#### Exercise inputs:
========
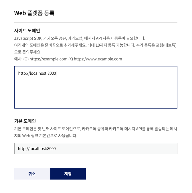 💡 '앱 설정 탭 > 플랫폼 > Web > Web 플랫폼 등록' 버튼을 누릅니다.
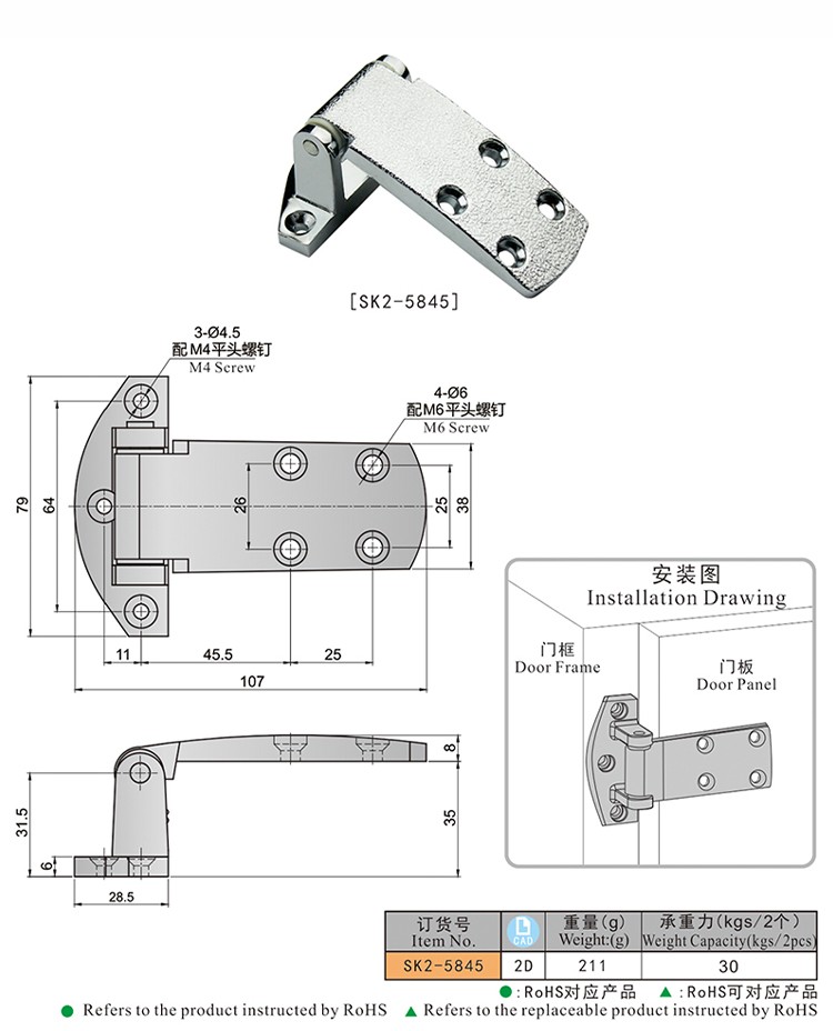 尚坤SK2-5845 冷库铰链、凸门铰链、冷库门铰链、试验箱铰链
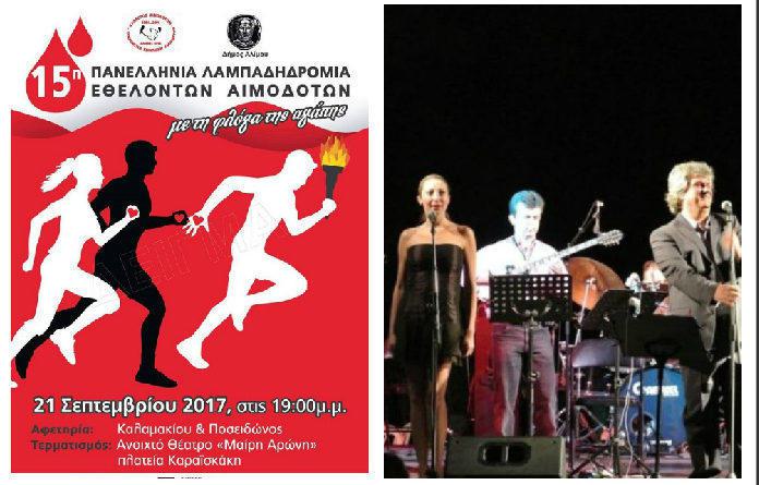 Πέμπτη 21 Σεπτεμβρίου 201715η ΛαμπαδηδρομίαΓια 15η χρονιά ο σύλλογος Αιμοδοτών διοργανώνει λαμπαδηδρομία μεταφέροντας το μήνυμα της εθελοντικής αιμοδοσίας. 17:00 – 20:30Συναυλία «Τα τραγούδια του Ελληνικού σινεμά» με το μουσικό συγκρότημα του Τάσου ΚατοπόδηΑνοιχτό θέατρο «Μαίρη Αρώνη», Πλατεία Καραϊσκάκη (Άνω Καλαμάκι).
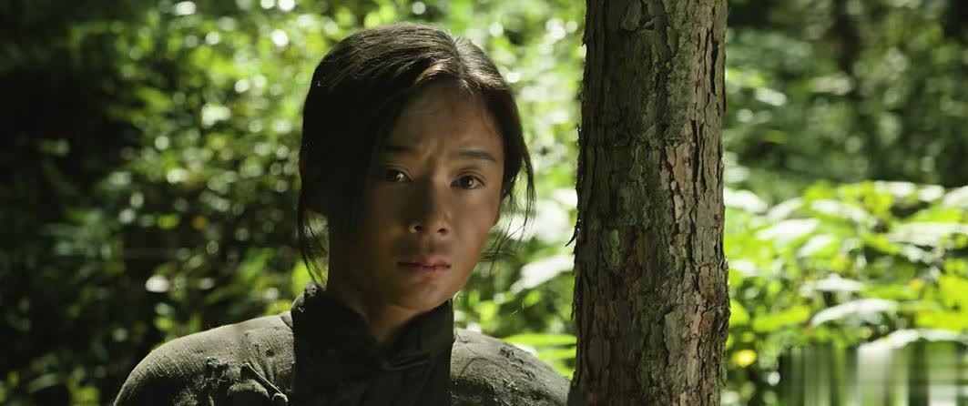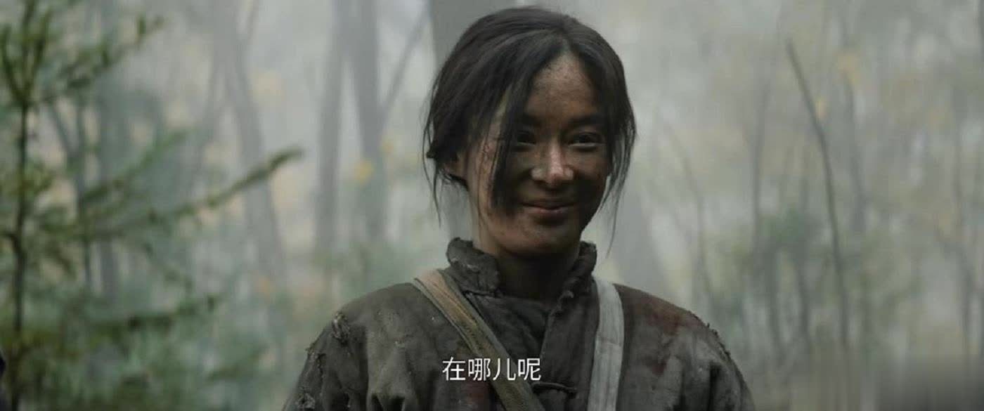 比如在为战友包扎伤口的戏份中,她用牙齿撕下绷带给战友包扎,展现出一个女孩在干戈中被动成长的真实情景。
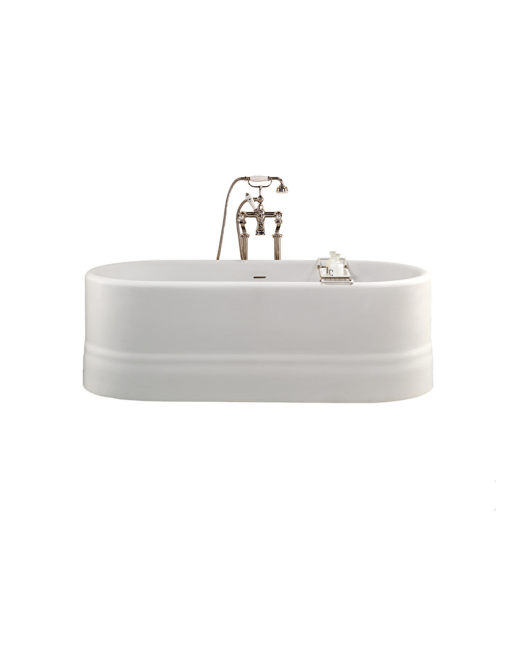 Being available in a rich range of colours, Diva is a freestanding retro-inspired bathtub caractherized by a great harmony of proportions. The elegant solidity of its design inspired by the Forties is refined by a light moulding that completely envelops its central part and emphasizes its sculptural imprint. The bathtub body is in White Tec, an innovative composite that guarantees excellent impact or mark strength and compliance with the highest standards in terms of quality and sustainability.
========
#### Directions:
When pictures appear in the records above, leave them out and reproduce exactly each line from the first through the line containing "尚坤SK2-5845 冷库铰链、凸门铰链、冷库门铰链、试验箱铰链", both included.

#### Written answer:
 💡 '앱 설정 탭 > 플랫폼 > Web > Web 플랫폼 등록' 버튼을 누릅니다.
 尚坤SK2-5845 冷库铰链、凸门铰链、冷库门铰链、试验箱铰链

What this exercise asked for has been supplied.